Destination Demand Snapshot

Read outbound China demand direction for one destination in one response.

Returns direction, notable signals, risks, opportunities, and actions.

Example MCP call

json

{
  "jsonrpc": "2.0",
  "id": 1,
  "method": "tools/call",
  "params": {
    "name": "get_destination_demand_snapshot",
    "arguments": {
      "destination": "Tokyo",
      "origin_market": "China",
      "travel_window": "2026-02",
      "audience_segment": "luxury travelers"
    }
  }
}

Example response

json

{
  "insight": "Tokyo is showing rising China outbound movement with supportive destination-spend context.",
  "key_drivers": [
    "Estimated passengers are up versus the prior month.",
    "Shanghai to Tokyo remains the top feeder route.",
    "Destination spend context remains supportive."
  ],
  "recommendation": "Keep Tokyo in the active destination monitoring set and compare it against peer short-haul markets.",
  "confidence": "medium",
  "source_summary": {
    "flight_month": "2026-02",
    "spend_source_month": "2026-02",
    "route_concentration": 0.34
  },
  "cost": {
    "amount_usd": "0.20",
    "billing_basis": "per_request"
  }
}

KOL Shortlist

Generate a creator shortlist with rationale, risk flags, and next steps.

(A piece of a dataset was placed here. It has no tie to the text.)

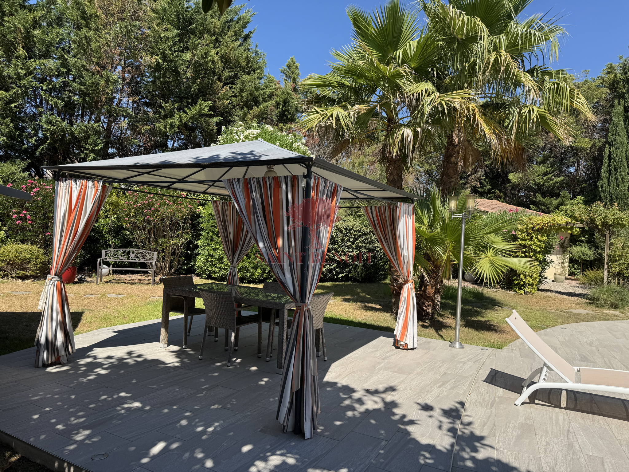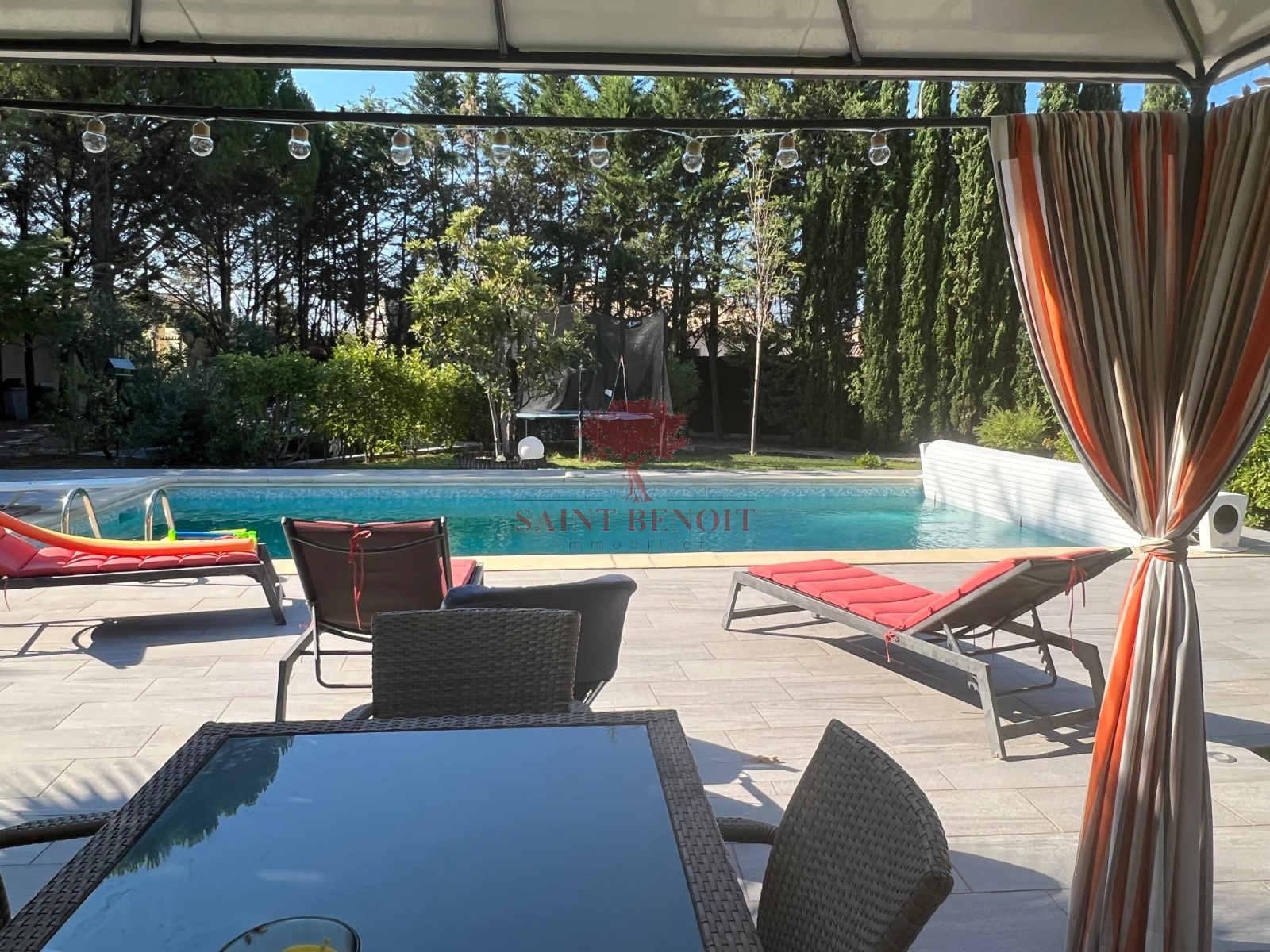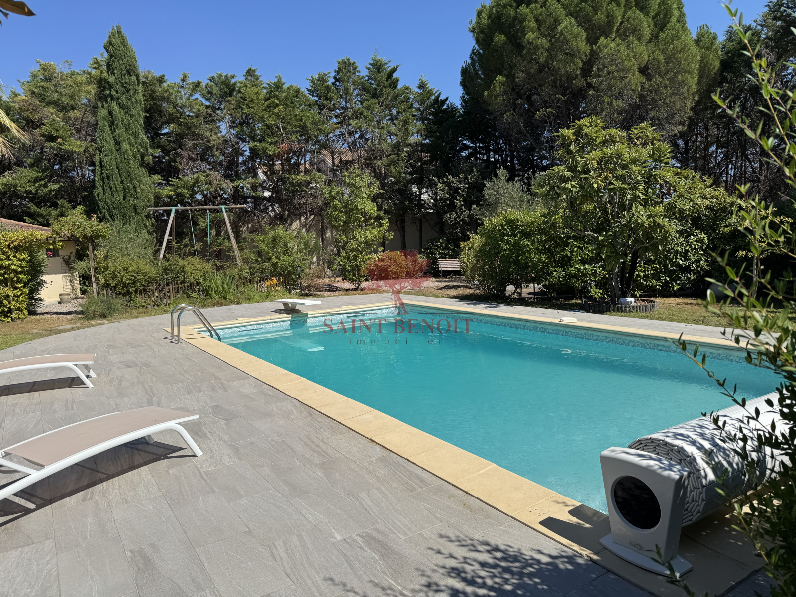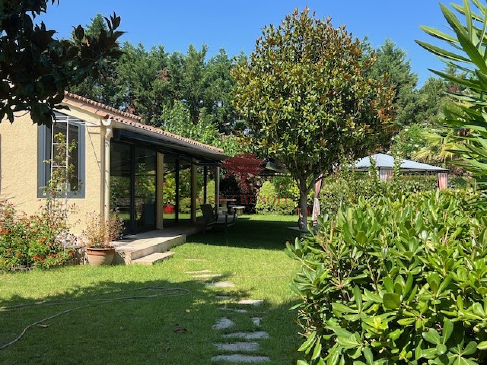 A 25 mn à l'ouest de MONTPELLIER, Dans un environnement calme, superbe maison de plain-pied de 220 m² habitables, rénovée en 2011, entièrement climatisée, dans un écrin de verdure de 2092 m², clôturé et très arboré mis en valeur par un éclairage nocturne. Très belle pièce à vivre de 68 m² avec une cheminée-insert, une cuisine entièrement équipée, ouverte sur une grande véranda trés lumineuse de 48 m², 4 chambres, une salle de bains et une salle d’eau avec WC, un WC indépendant, de nombreux placards, un cellier, garage. Une piscine traditionnelle 5x10, équipée d’un plongeoir d’une échelle et d’un rideau couvrant de sécurité, pool house et abri de jardin. Prestations de qualité : arrosage automatique avec l’eau du Canal de GIGNAC. Pour toute visite, contactez M. Jean-François SOULIER de l’agence Saint-Benoit-Immobilier, à Aniane ou Gignac.

Returns candidate creators, rationale, risks, and next actions.

Example MCP call

json

{
  "jsonrpc": "2.0",
  "id": 1,
  "method": "tools/call",
  "params": {
    "name": "get_kol_shortlist",
    "arguments": {
      "brand_name": "Chanel",
      "category": "beauty",
      "campaign_goal": "launch visibility",
      "platform_focus": ["red"]
    }
  }
}

Example response

json

{
  "insight": "Beauty creator discovery is strongest on RED with a compact high-fit shortlist.",
  "key_drivers": [
    "Current evidence favors mid-tier beauty creators with strong category fit.",
    "RED remains the clearest platform lane for this brief."
  ],
  "recommendation": "Use the shortlist as the starting set for campaign planning, then narrow further by tier or geography.",
  "confidence": "high",
  "source_summary": {
    "provider_lane": "proxy",
    "shortlist_count": 12
  },
  "cost": {
    "amount_usd": "0.45",
    "billing_basis": "per_request"
  }
}

Response model

Designed for decision-ready envelopes, not raw data dumps

Decision-ready outputs lead with `insight`, `key_drivers`, and `recommendation` so an agent can act without re-summarising the response first.

Responses expose `confidence`, `source_summary`, and `cost` so automation layers can reason about evidence strength and budget together.

Metadata is shaped for repeated workflow use instead of one-off reading.